For sponsored-visa holders who initiated parallel-pathway evaluation in May or June in response to the June 3 analysis, the practical recommendation is to complete that evaluation regardless of the legislative outcome. The evaluation itself has no cost beyond the professional time required, and the output — a clear understanding of your D7 income-threshold eligibility, your D8 self-employment transition mechanics, or your Golden Visa investment qualification — is durable independent of any specific labour-code reform cycle. Knowing that you have an exit path does not require using it; it eliminates the decision stress of evaluating an exit under time pressure if a sponsor-exit event occurs for reasons unrelated to the labor code (M&A, restructure, budget cuts, performance management).
For sponsored-visa holders who are approaching a contract renewal in the next 90 days, the contract-clause checklist from the June 3 analysis remains the operative tool. The clauses recommended there — function-stability, relationship-with-AIMA-renewal, extended notice period — were based on gaps in the pre-reform code, not only on Work XXI's proposed additions. Those gaps still exist: the pre-reform Código does not require an employer to issue a renewal confirmation for AIMA purposes; it does not prohibit outsourcing transfers in all circumstances; it does not guarantee a notice period longer than the statutory minimum. The contract clauses are the mechanism to plug those gaps regardless of whether Work XXI passed or was rejected.
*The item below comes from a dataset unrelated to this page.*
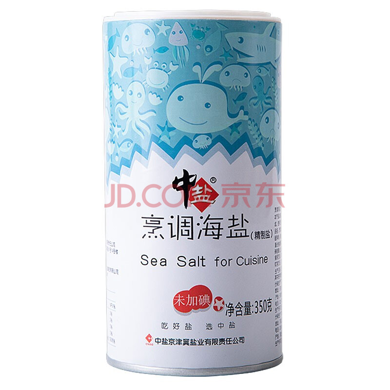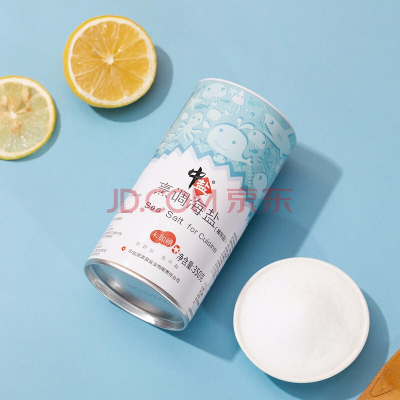 商品相册:中盐 烹调海盐350g罐装【未加碘】精制海盐 使用方便 烧烤必备第

One change to the June 3 framework: the recommendation to delay non-urgent contract signing until the final text was fixed is now resolved. The text is fixed — no new labour-code regime is in force. If you held off signing a renewal or addendum in May or June pending the parliamentary outcome, you can proceed under the current Código do Trabalho rules, applying the checklist and negotiating the recommended clauses. There is no legislative reason to hold further. If your employer proposed a contract structure anticipating the most employer-favorable version of Work XXI (for example, a 36-month fixed-term structure or a reduced-notice clause), you now have the basis to renegotiate: the provisions they anticipated did not pass into law, and you should insist on terms consistent with the current statutory framework rather than the framework they were planning for.